M. Poirier ne va pas jusqu'à employer le mot «terroriste» pour caractériser l'auteur présumé de l'attentat, mais peu s'en faut.
«Ce n' est pas un fait divers ça! C'est une attaque contre une politicienne, la première femme à avoir le titre de première ministre du Québec, Mme Pauline Marois», a fait savoir l'animateur de LCN, avec le débit qu'on lui connaît, jeudi, à son émission Le Négociateur.
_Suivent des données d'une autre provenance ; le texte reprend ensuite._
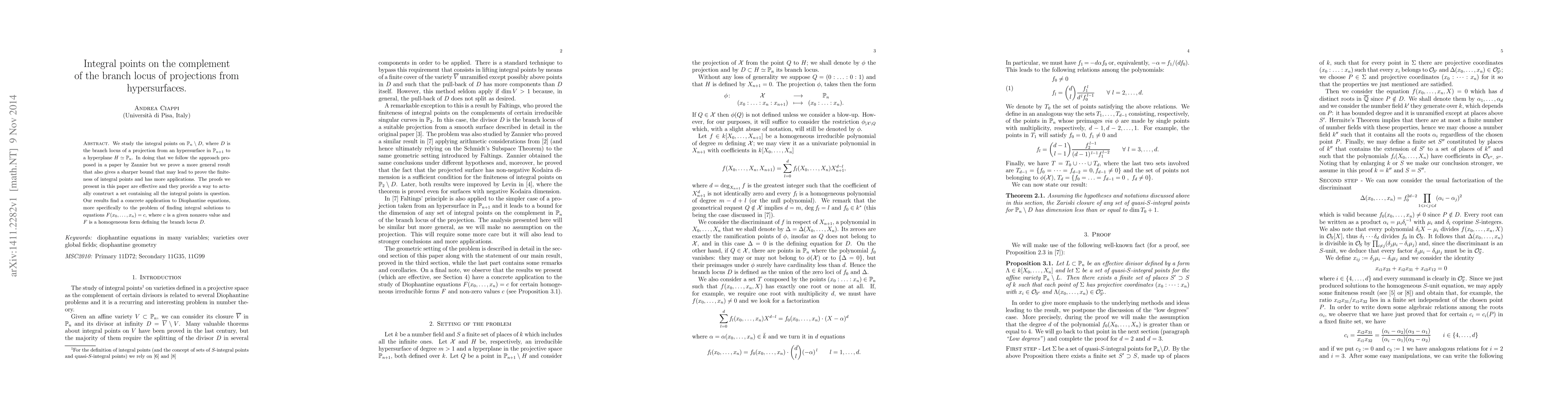 We study the integral points on $\mathbb P_ n\setminus D$, where $D$ is the branch locus of a projection from an hypersurface in $\mathbb P_{n+1}$ to a hyperplane $H\simeq\mathbb P_n$. In doing that we follow the approach proposed in a paper by Zannier but we prove a more general result that also gives a sharper bound that may lead to prove the finiteness of integral points and has more applications. The proofs we present in this paper are effective and they provide a way to actually construct a set containing all the integral points in question. Our results find a concrete application to Diophantine equations, more specifically to the problem of finding integral solutions to equations $F(x_0,\dots,x_n)=c$, where $c$ is a given nonzero value and $F$ is a homogeneous form defining the branch locus $D$.

«C'est aussi simple que ça. On va arrêter de jouer avec les mots», a lancé M. Poirier à l'endroit de la Sûreté du Québec. Rapportant, dans la même veine, les déclarations de certaines personnes qui se sont confiées à lui, l'animateur a également soutenu que le tireur fou aurait l'habitude de dire qu'il «déteste les Québécois qui s'expriment en français».
Quant à la question de savoir s'il s'agissait d'un attentat terroriste, rappelons l'intervention fort pertinente du journaliste Lamine Fourra quelques jours après l'attentat. Ce dernier s'étonnait des termes qu'on utilisait dans les médias québécois pour traiter de la question:
«J'ai suivi les médias depuis hier soir. À aucun moment, le mot Terrorisme ou présumé Terroriste n'a été prononcé par aucun média. À tous les journalistes qui, à chaque fois qu'un musulman commet un acte de violence politique, appellent ça terrorisme et considèrent l'acteur comme présumé terroriste je vous dis J'ACCUSE.
Si un acte aussi violent, aussi horrible que de tirer sur la foule dans un rassemblement politique et de tuer un innocent en visant la première ministre du Québec fraîchement élue, n'est pas un acte de terrorisme, alors SVP mesdames messieurs les journalistes, donnez-nous clairement votre définition du terrorisme.
Car, aujourd'hui, je peux me permettre sans hésitation de conclure que pour vous le Terrorisme ne peut être que musulman.»